| | Having worked in the telecom industry, my immediate reaction toward the repeal of the 1996 telecom act would be one of joy, so long as prior restrictions such as those that prevented local carriers from offering long distance or long distance carriers from owning local networks were also removed.
That act had John McCain and Trent Lott's dirty little fingerprints all over it. McCain got most of his campaign donations from telecom companies and more telecom donations than any other politician. The law basically allowed "competition" under a set of arcane and arbitrary rules which were adjudicated post facto. For example, it was argued that because AT&T had been divested of its local networks, some period should be mandated where local bell companies who would begin to compete with AT&T by selling their own long distance (over there own networks!) should have to allow AT&T to rent their local networks as a "temporary" solution at below market rates until AT&T could get its own local infrastructure off the ground.

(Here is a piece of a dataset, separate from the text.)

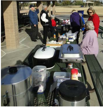
Waiting for everyone to arrive

On the 10 th of February, the Arizona Mini Club held their annual Pancakes in the Park, a breakfast rally that starts at 32 nd Street & Shea, Phoenix and ends at varying parks here in the valley. This year it coincided with the annual Drive Your Triumph Day. Our Triumph members were encouraged to use that event to drive their TRs to the Pancakes In The Park.

Not only did AT&T never build its own local infrastructure, indeed dismantling what little local infrastructure it did have, because renting access at government set rates was cheaper than building their own, companies like MCI, which had never been divested, were allowed to loot the local bells as well, since the were classed as the same type of local carrier.
MCI/Worldcom, which had never been divested of anything, moved into reselling the local bells' service which they could rent from the bells at something like 1/10th of the local bells actual costs. Even then, MCI under Bernie Ebbers engaged in all sorts of unprofitable business models - for instance, reselling the local bells' service to customers of the local bells who were in default (had service cut off for non-payment) managing to bill these deadbeats for a few months until they too stiffed MCI. These customers churned between innumerable resellers, keeping working phone service with the same telephone numbers while staying a few days ahead of losing service due to non-payment buy "moving to another carrier" i.e., another non-phone service provider who would bill for the local company's service as a middleman. Even when carriers like MCI were stiffed by their "customers" for the local bill, MCI would leave the line active but blocked for outgoing calls so that the customer could not switch to another company and control of the line (for which MCI might literally pay a few dollars a month or less) would not revert to the local bell which would sell it at a break-even cost of about a dozen bucks for just local service.
The biggest industry issue now is cable/telephone parity. Cable companies do not have to pay the same outrageous taxes (like the 3% federal surcharge instituted to pay for the Spanish American War in 1898 - and still on the books!) which weigh down the telecoms.
In this environment, the local bells remained barely afloat while having to seek court action to get the rates for their mandated resold service reregulated up to market value. Fiber Optic infrastructure investment was delayed by a decade. And AT&T, which did not commit the same frauds as MCI, could not compete, and became a blue chip turned penny stock to be bought out by Bell South. MCI should have been liquidated, but, based in Trent Lott's home state, this was prevented by behind the scenes pull, and AT&T was doomed. The entire assets of MCI should have been granted to AT&T, although that would have been of little recompense.
Total deregulation is the proper step. Media consolidation is not to be feared. Each now has at least landline, cable, sattellite and cellular access, or at least one or two of those media in even the most rural areas. There is no carrier monopoly anywhere except where mandated by law.
As for media content, have you read your local newspaper lately? How many stories are AP releases sold to every paper in the country, and how many pieces are actually investigative journalism done by actual reporters with bylines. So far as I am aware, the NY POST has Andrea Peyser as its only staff reporter outside the sports and gossip pages. The NY SUN is unique in NY in offering actual investigative reporting, and it breaks national news more often for its size than any other paper of which I am aware.
In any case, the newspapers must focus on after the fact analysis and editorializing. By the time they print a story it is at least half a day old on the internet and has been repeated 12 times on cable news.
All media ownership regulations should be abolished.